Lecie, lecie trwaj! Wiem... każdego roku, w lipcu tak piszę. To się nazywa być stałym w uczuciach. Lato! Ciepło... a przynajmniej powinno być ciepło, ten zapach... , ten smak... Ach! Lecie! To jest ten czas, kiedy zaczynają dojrzewać uprawy. Nie wszystko nam wychodzi ale to co wyjdzie ogromnie nas cieszy.
I love summer! I say this every year, so I am faithful to my feelings. Summer is wonderful. This smell and taste of summer. We collect cucumbers, courgettes and beans. Their taste is different from vegetables from the store. Why? I only like my own beans. Even cucumbers taste different.
Już zbieramy ogóreczki. Rumienią się pomidorki na krzaczkach. Wcześniej zebraliśmy fasolkę i spróbujemy ją jeszcze raz wysiać może uda się zebrać do jesieni. Fasolka jest pyszna. Nie wiem dlaczego tak bardzo różni się smak warzywa wyhodowanego przez siebie a tego ze sklepu, przecież rósł podobnie? I nie chodzi tu o odczucia pod kątem własnej uprawy, one zupełnie inaczej smakują!
Lubię robić zdjęcia naszym plonom to takie bardzo budujące i zachęcające mnie do przyszłorocznej uprawy. Też tak macie? Potrafię zimą albo na przedwiośniu pooglądać zdjęcia z własnej uprawy i wtedy czuję chęć powtórzenia tego. Człowiek napracuje się przy nich, zbierze, zje i często śladu po tym nie ma. A tak są zdjęcia. Jest nas tak dużo, że raczej zjadamy wszystko na bieżąco. Rzadko kiedy uda się coś zamrozić czy wsadzić w słoik. Dzisiaj będą smażone krążki z młodej cukinii... mniam, mniam...

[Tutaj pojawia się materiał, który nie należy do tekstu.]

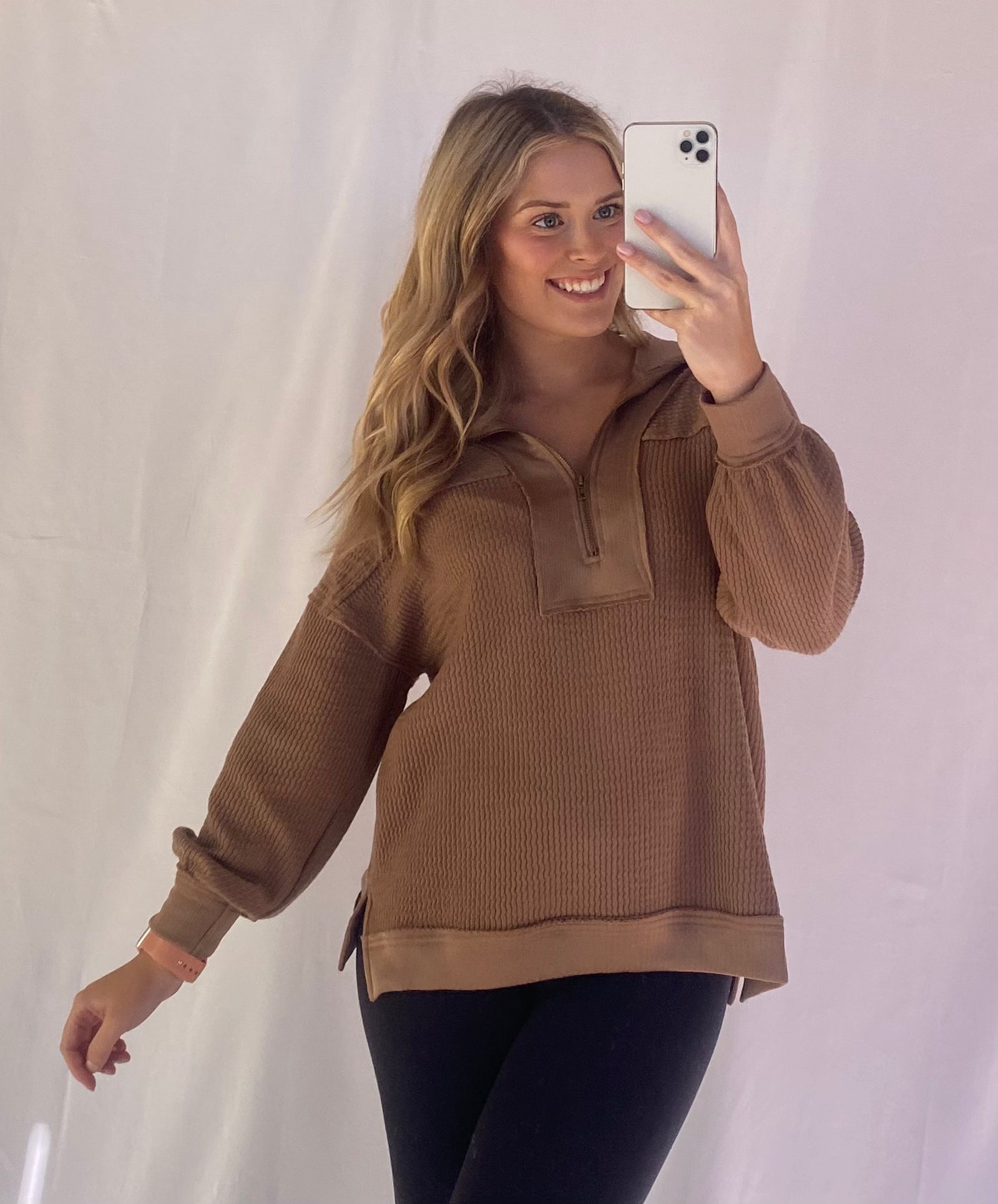 HALF ZIP COLLARED LONG SLEEVE WAFFLE KNIT TOP

I like taking photos of vegetables grown in the garden. It's a souvenir. I am looking at the pictures and I want to repeat the vegetable cultivation again next year. This is an encouragement for me. Motivation. Not everything comes out so it's nice to see what has been done.

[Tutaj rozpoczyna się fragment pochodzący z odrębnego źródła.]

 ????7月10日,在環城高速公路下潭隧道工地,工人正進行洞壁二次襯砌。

I nie ma o kwiatkach! Udało się napisać o czymś innym.
Pozdrawiam wszystkich bardzo serdecznie. Cieszę się, że Was mam, że piszecie do mnie, piszecie swoje blogi, które jak mogę sobie poczytać. Ogromnie się cieszę.
Do you grow vegetables? Do you like summer too?
:)
Mam identyczne :) Robię zdjęcia wszystkim roślinom w ogródku. Blog to taki troszkę mój kalendarz/pamiętnik. Pewnie czasem przynudzam z tymi swoimi ogródkowymi wpisami, szczególnie tych, co tego nie czują, ale to moja pasja i mój blog, więc piszę o tym, co dla mnie ważne ;)

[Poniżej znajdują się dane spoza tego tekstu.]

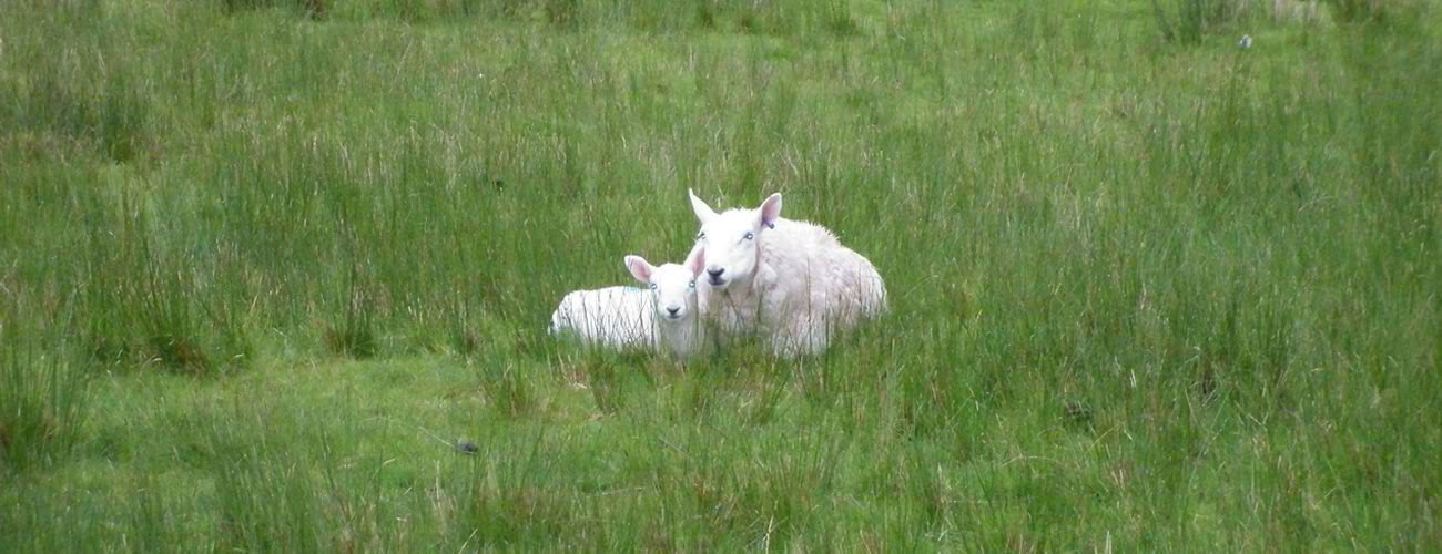 The sheep are pure bred Cheviot, small and hardy, they lamb in May and are fattened in February.

OdpowiedzUsuńZ miłą chęcią podziwiam plony, ogrody innych.
Mam mini ogródek, bo zwykle takie są angielskie standardy,ale i tak zawsze coś urośnie i cieszy. Tak jak piszesz, nie zawsze wszystko się udaje. Dzisiaj zapakowałam pierwszy słoik ogórków do ukiszenia i bardzo mnie to cieszy :) Nie mam dużej ilości, żeby zrobić dużo za jednym zamachem, więc przerabiam to, co mam.
Świetne plony u Ciebie. Fasolka jeszcze mi się nigdy nie udała. Cukini mam jeden krzaczek i mam nadzieję, że coś urośnie ;)
Oczywiście swoje smakuje zupełnie inaczej :) Pozdrawiam.
u nas narazie sałaty, rzodkiewki szczypiorki... i zioła. Pomidory, ogórki i fasola kwitną lub małe owoce dopiero mają... Dynie i cukinie nie udały nam się w tym roku.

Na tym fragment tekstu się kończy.